» **Work required**:
Unless a line falls after the one with "优采云 发布时间: 2022-10-29", retype it exactly from the records below; leave out all pictures.

» **Supplied data**:
○ ○ ○ ○ ○

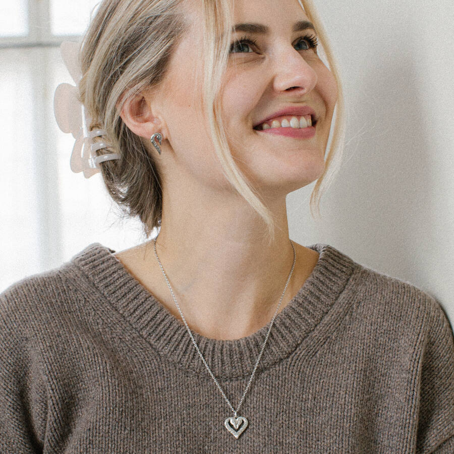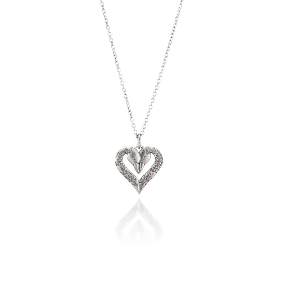 The heart size of the Swans' Net pendant is 19x20mm and the chain is 45/50 cm long, meaning the clasp can be attached to the intermediate link at 45 cm and the chain can be used as both 45 cm and 50 cm long.
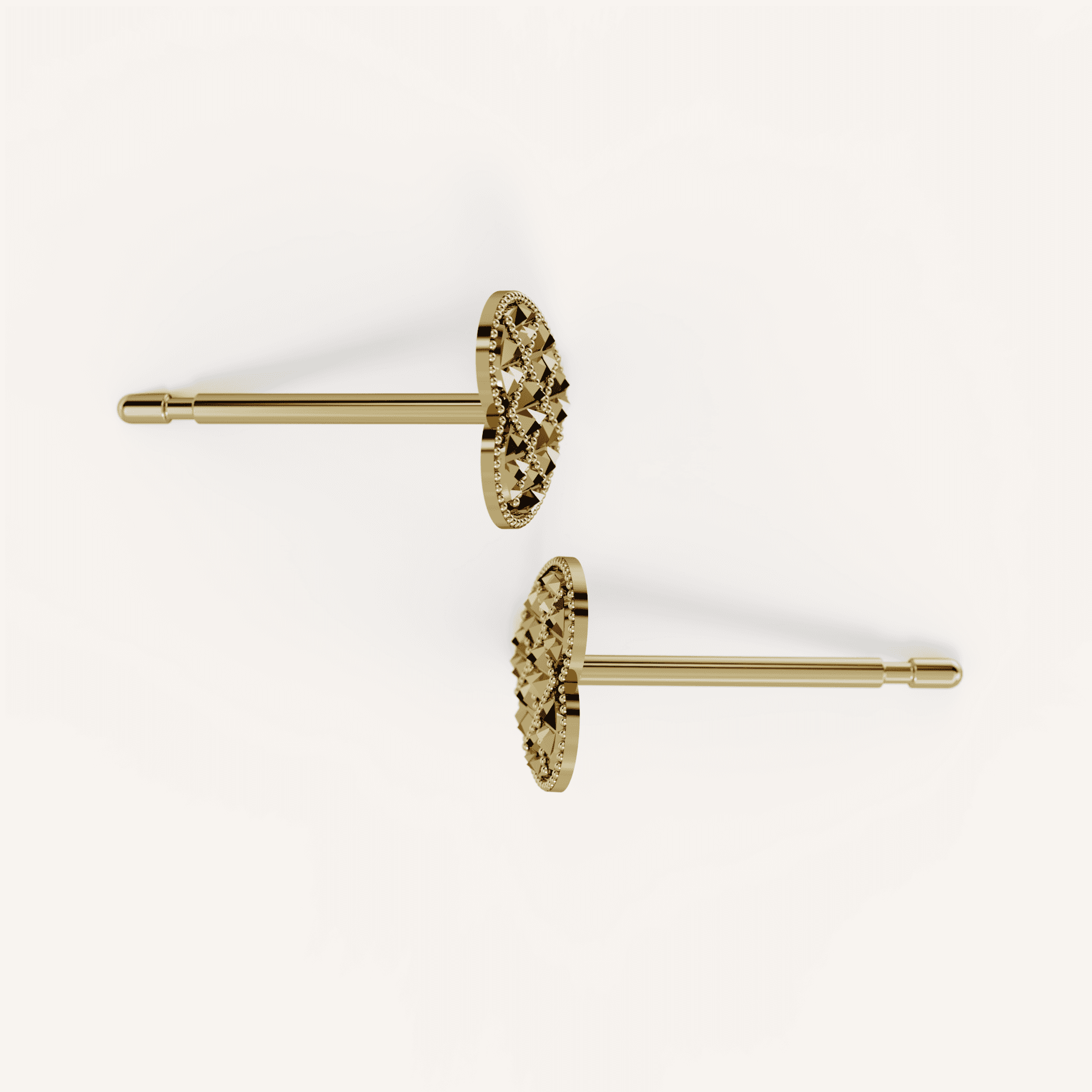 A perfect patchwork of love, the Quilted Heart Studs sparkle in 14K Yellow Gold.
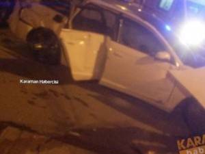 Karaman’da hafta sonu gece saatlerinde meydana gelen bir başka kazada ise Mut Caddesinde seyir halindeki otomobil yol kenarında bulunan asansörlü yük taşıma aracına çarptı.
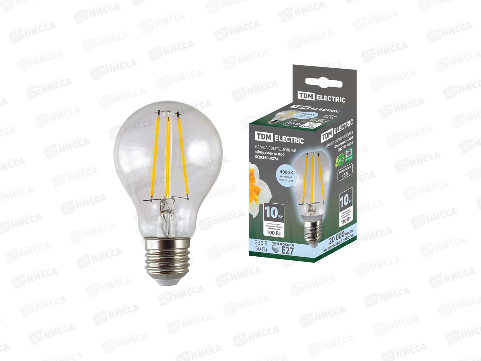 Лампа светодиодная TDM А60-10 Вт-230 В-4000 К–E27 Филамент TDM, 0274
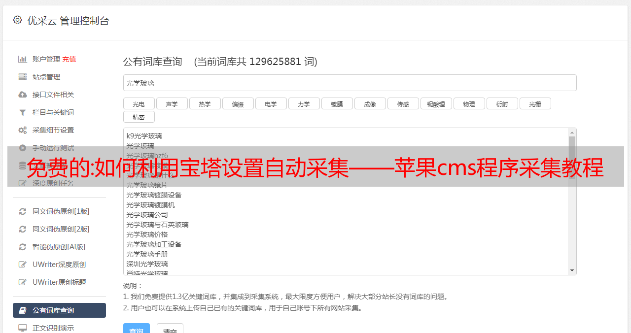 优采云 发布时间: 2022-10-29 05:20免费的:如何利用宝塔设置自动采集——苹果cms程序采集教程
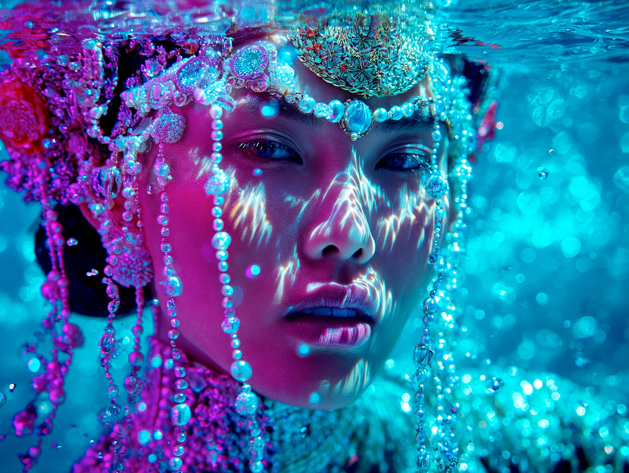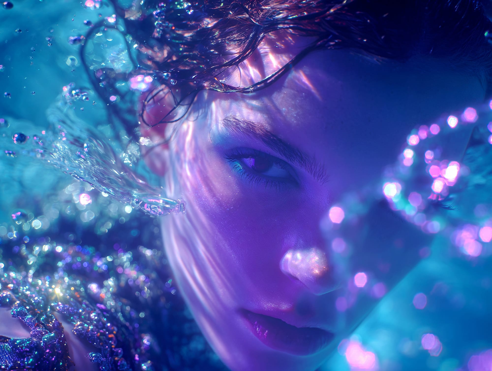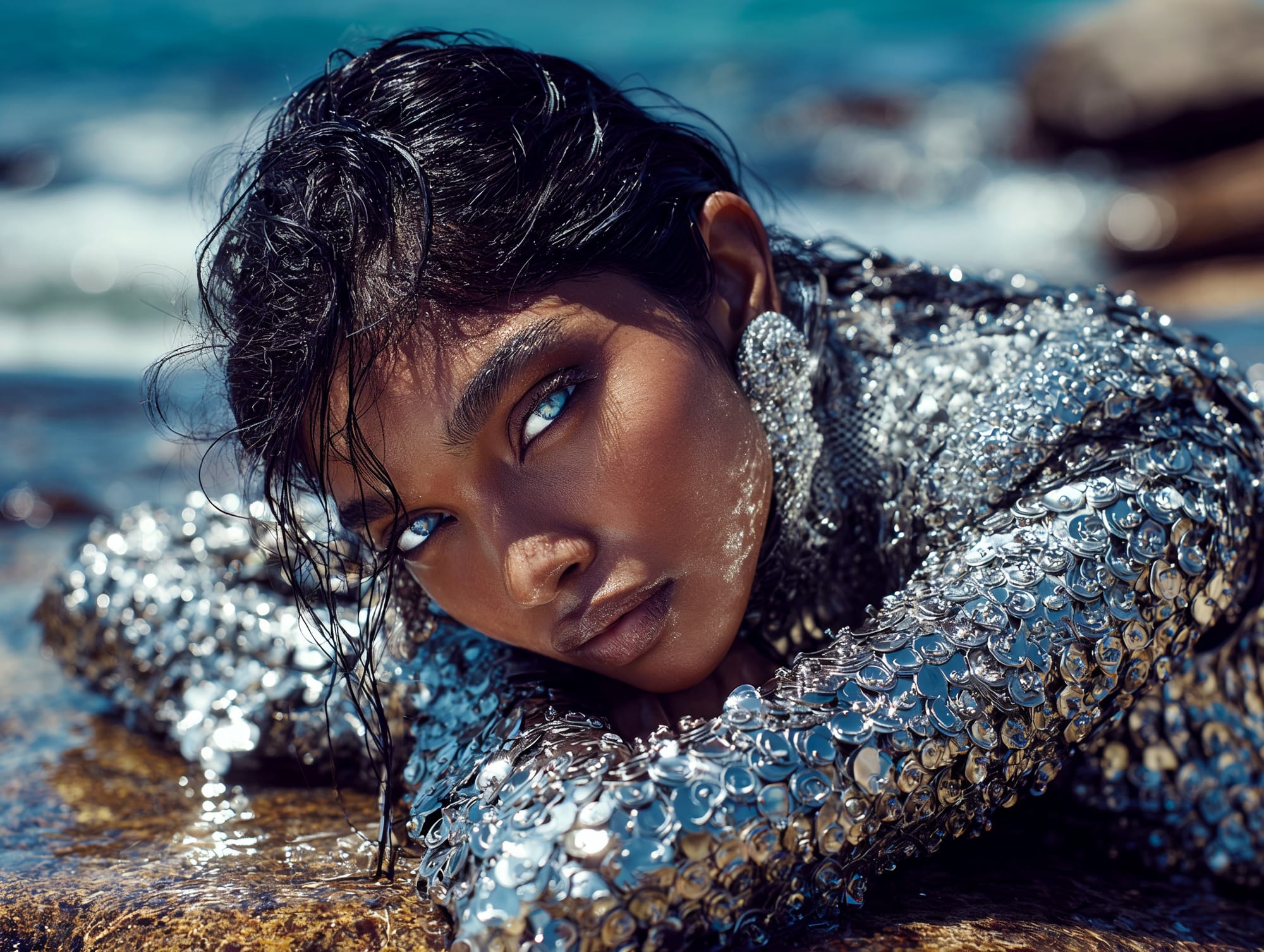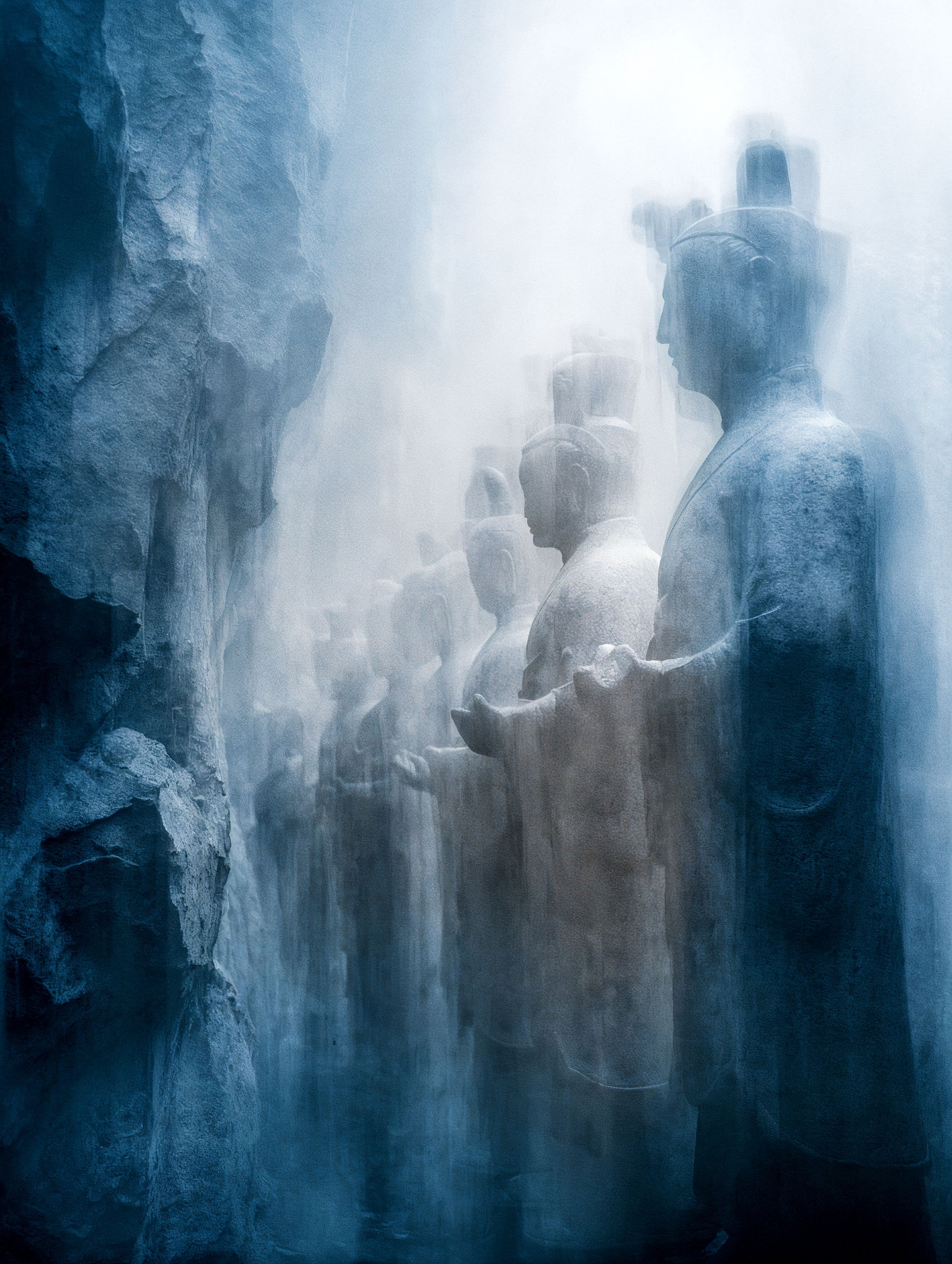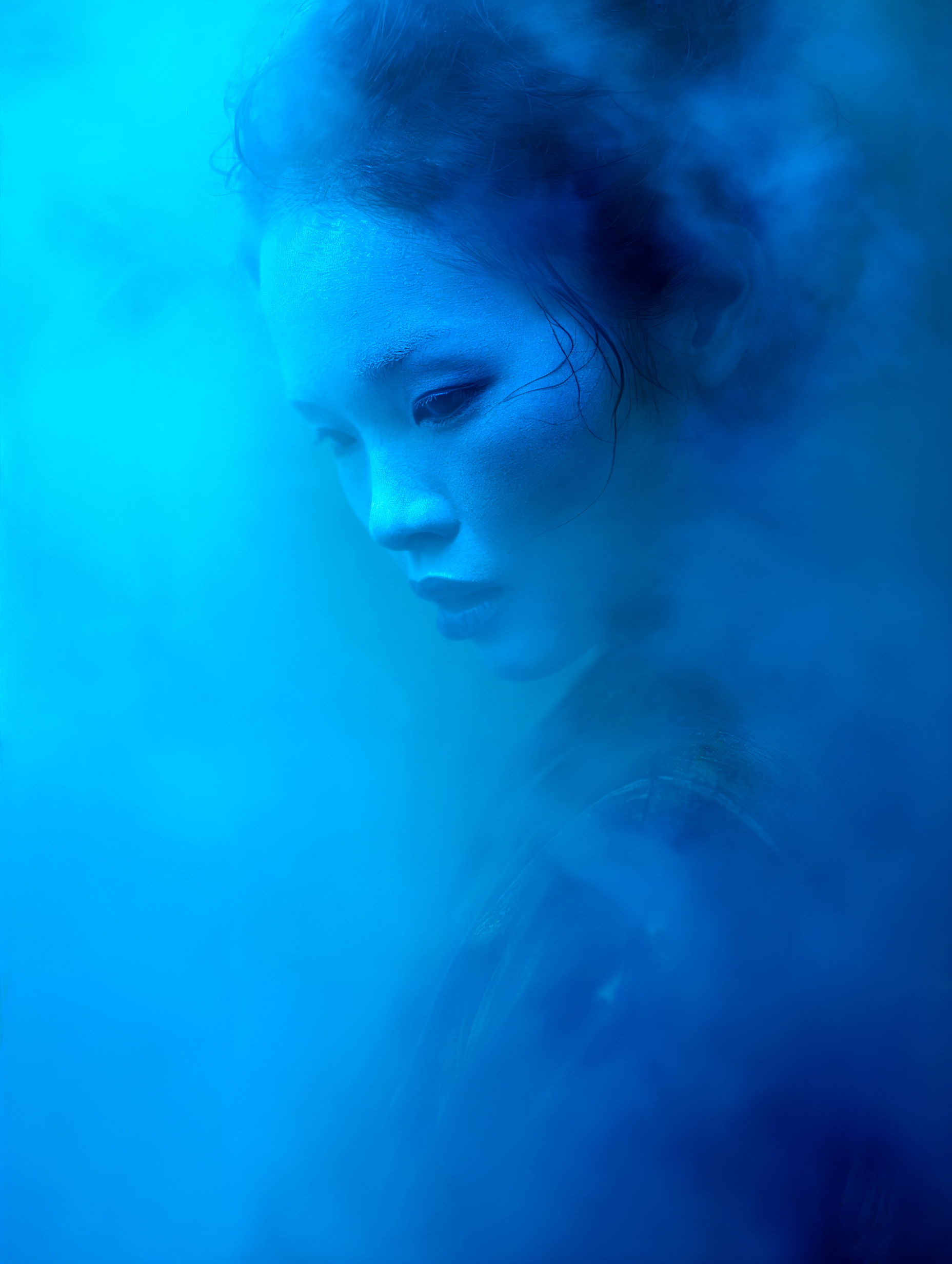 L'eau est l’origine de la vie. La mer a failli m’engloutir, enfant ! Emporté au loin par la houle, le vent et les vagues de la mer Egée, aveuglé par les larmes, désespéré, et alors que je m’épuisais à revenir vers la côte, trois jeunes femmes sont sorties des flots comme par enchantement pour me ramener sur la plage. J’ai depuis, en mémoire, ces sirènes me consolant, et, glissant dans l’eau brillante avec moi, transformant cette aventure terrifiante en pure féerie. On dit que si vous êtes sincère et que votre cœur est pur, elles demeurent avec vous pour toujours. Je revis constamment ce souvenir à la fois menaçant et d'une beauté irréelle et rêve de retrouver mes fées. Depuis, je parcours les mers pour les retrouver, revoir leurs visages, fasciné par l’harmonie de leurs corps caressant l’océan. Chaque photographie est une prière silencieuse, une tentative de capturer à nouveau la magie de cette rencontre. Alors je glisse encore, inlassablement, au coeur des vagues, dans le scintillement des crêtes, le miroitement de l’eau, à la recherche de la lumière, de la couleur exacte de l’eau ce jour là, de cet instant magique, dans l’Eternité. Je plonge dans la splendeur de l’onde en quête de preuve tangible de ce que j ai vécu, de la confirmation que ce souvenir d'enfant était plus qu’un songe. Je sais que pour les recontrer je dois devenir l’eau, me fondre dans le bleu de l'Azur. J’immortalise leur royaume pour les rappeler, peut-être aussi les rejoindre et ne surtout ne jamais les oublier.

○ ○ ○ ○ ○

» **Written solution**:
 The heart size of the Swans' Net pendant is 19x20mm and the chain is 45/50 cm long, meaning the clasp can be attached to the intermediate link at 45 cm and the chain can be used as both 45 cm and 50 cm long.
 A perfect patchwork of love, the Quilted Heart Studs sparkle in 14K Yellow Gold.
 Karaman’da hafta sonu gece saatlerinde meydana gelen bir başka kazada ise Mut Caddesinde seyir halindeki otomobil yol kenarında bulunan asansörlü yük taşıma aracına çarptı.
 Лампа светодиодная TDM А60-10 Вт-230 В-4000 К–E27 Филамент TDM, 0274
 优采云 发布时间: 2022-10-29 05:20免费的:如何利用宝塔设置自动采集——苹果cms程序采集教程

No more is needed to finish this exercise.